EU May Give Italy Extra Time on Budget as Wrangling Drags On

(Bloomberg) -- The European Commission may grant Italy six additional months to comply with its budget requests if it proceeds to enforce its excessive-deficit procedure against the country, Corriere della Sera reported, without saying were it got the information.

Starting in January or February, the Commission would wait half a year before sending inspectors to Rome, giving the government time to adopt its recommendations, according to the report on Saturday. Corriere didn’t specify if the extra time would allow Italy to avoid sanctions linked to the procedure.

Italy’s populist government and the European Union are wrangling over the country’s 2019 budget. The Commission has rejected the plan from Rome to set next year’s deficit target at 2.4 percent of annual economic output.

The ruling League and Five Star parties may make some concessions, but they’re not willing to reduce the deficit to the EU’s recommended level, other Italian newspapers reported.

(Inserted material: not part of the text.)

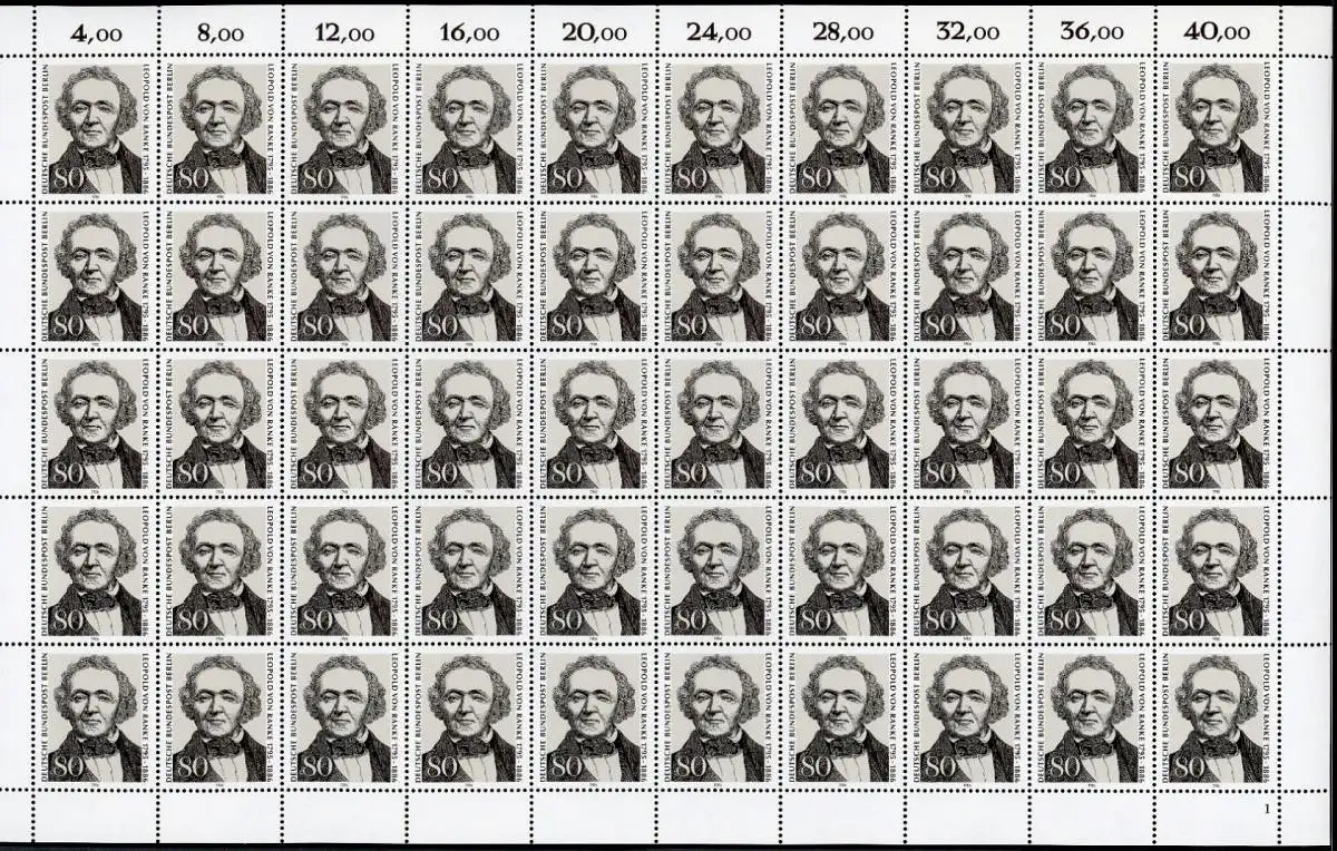 Kompletter Bogen, ungefaltet und nicht angetrennt. Die Abbildung ist exemplarisch!

La Stampa said that the League’s Matteo Salvini and Luigi Di Maio, the leader of Five Star, would each be willing to cut spending enough to bring the deficit to 2.2 percent of GDP. The Repubblica newspaper said the government is ready to lower next year’s deficit to 2.1 percent of GDP. The EU wants the gap narrowed to 1.9 percent.

In reports quoted by Ansa, Finance Minister Giovanni Tria said Saturday an agreement with the EU is possible.